__What you need to do__
Could you repeat the records below exactly, without the pictures?

__Provided entries__
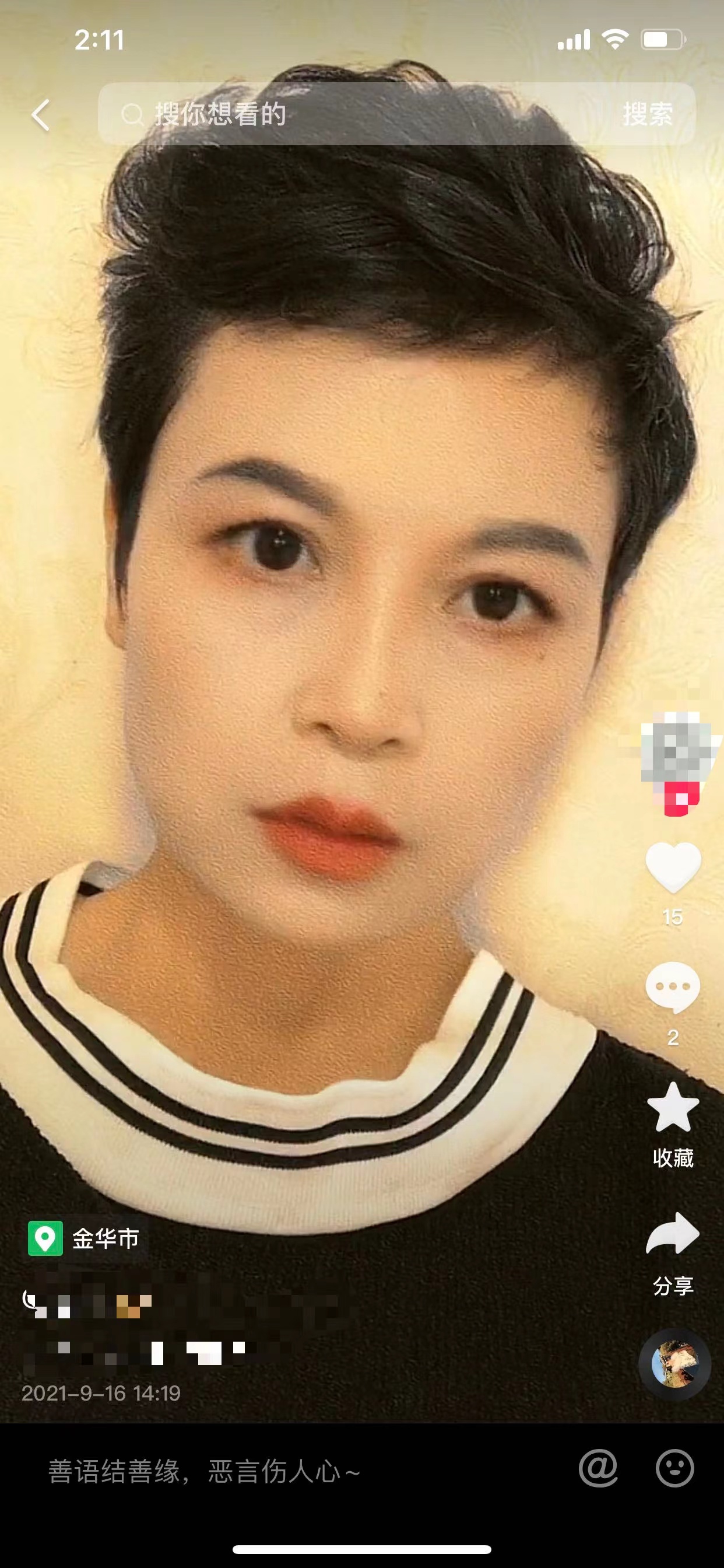 lwq22354 (ID:25686)人气:920 查看资料女 29周岁 未婚 170厘米 硕士 国企正式工 2万~5万元 工作地 :浙江-金华-婺城区 籍贯:浙江-金华-永康市 个人独白:喜欢书法,古筝,写作
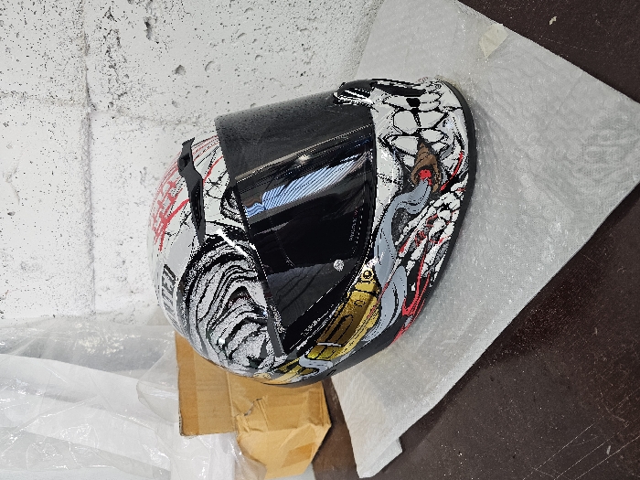 - "A full-face motorcycle helmet, predominantly white with black, gold, red, and grey graphic patterns including abstract swirls, "WANTED" text, and a stylized creature or skull motif on the lower front, is positioned on a sheet of white bubble wrap" by FM-XzcAn2, licensed under CC BY 4.0
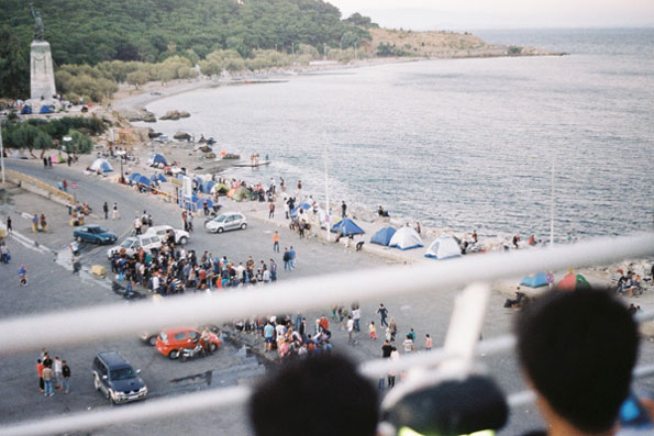 Acht Kilometer steinige Küste, ruhige Brandung, Schwimmwesten und kaputte Gummiboote zu Haufen zusammengetragen. Die Sonne scheint. Katerina und ich machen mit dem Motorrad Staubwolken auf der unbefestigten Straße. Eftalou ist wie eine lange Bühne. Die Flüchtenden sind gerade den Bomben, den Terroristen, dem unzumutbaren Leben in Syrien, Afghanistan oder dem Irak entkommen. Hier müssen sie die Schiffbrüchigen spielen, nass aus dem überfüllten Boot steigen, manchmal schlitzen sie es auf den letzten Metern gezielt auf.
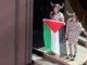 A cast member unfurls a Palestinian flag during a curtain call, prompting a brief scuffle as an official tries to take it away.
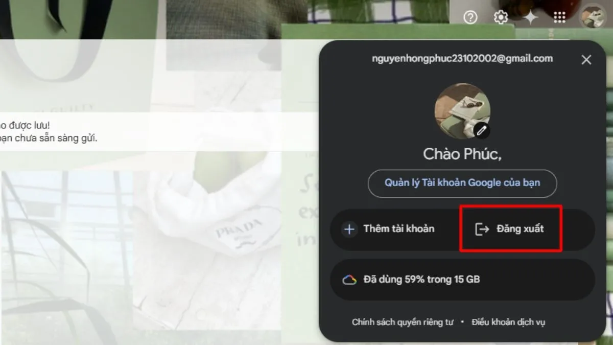 Trong menu vừa mở, bạn sẽ thấy tùy chọn “Đăng xuất” (Sign out). Hãy nhấp vào tùy chọn này. Nếu bạn đang đăng nhập nhiều tài khoản Gmail cùng lúc trên trình duyệt đó, hệ thống có thể cung cấp tùy chọn đăng xuất khỏi từng tài khoản riêng lẻ hoặc đăng xuất khỏi tất cả các tài khoản cùng một lúc.

__Result of this task__
 lwq22354 (ID:25686)人气:920 查看资料女 29周岁 未婚 170厘米 硕士 国企正式工 2万~5万元 工作地 :浙江-金华-婺城区 籍贯:浙江-金华-永康市 个人独白:喜欢书法,古筝,写作
 - "A full-face motorcycle helmet, predominantly white with black, gold, red, and grey graphic patterns including abstract swirls, "WANTED" text, and a stylized creature or skull motif on the lower front, is positioned on a sheet of white bubble wrap" by FM-XzcAn2, licensed under CC BY 4.0
 Acht Kilometer steinige Küste, ruhige Brandung, Schwimmwesten und kaputte Gummiboote zu Haufen zusammengetragen. Die Sonne scheint. Katerina und ich machen mit dem Motorrad Staubwolken auf der unbefestigten Straße. Eftalou ist wie eine lange Bühne. Die Flüchtenden sind gerade den Bomben, den Terroristen, dem unzumutbaren Leben in Syrien, Afghanistan oder dem Irak entkommen. Hier müssen sie die Schiffbrüchigen spielen, nass aus dem überfüllten Boot steigen, manchmal schlitzen sie es auf den letzten Metern gezielt auf.
 A cast member unfurls a Palestinian flag during a curtain call, prompting a brief scuffle as an official tries to take it away.
 Trong menu vừa mở, bạn sẽ thấy tùy chọn “Đăng xuất” (Sign out). Hãy nhấp vào tùy chọn này. Nếu bạn đang đăng nhập nhiều tài khoản Gmail cùng lúc trên trình duyệt đó, hệ thống có thể cung cấp tùy chọn đăng xuất khỏi từng tài khoản riêng lẻ hoặc đăng xuất khỏi tất cả các tài khoản cùng một lúc.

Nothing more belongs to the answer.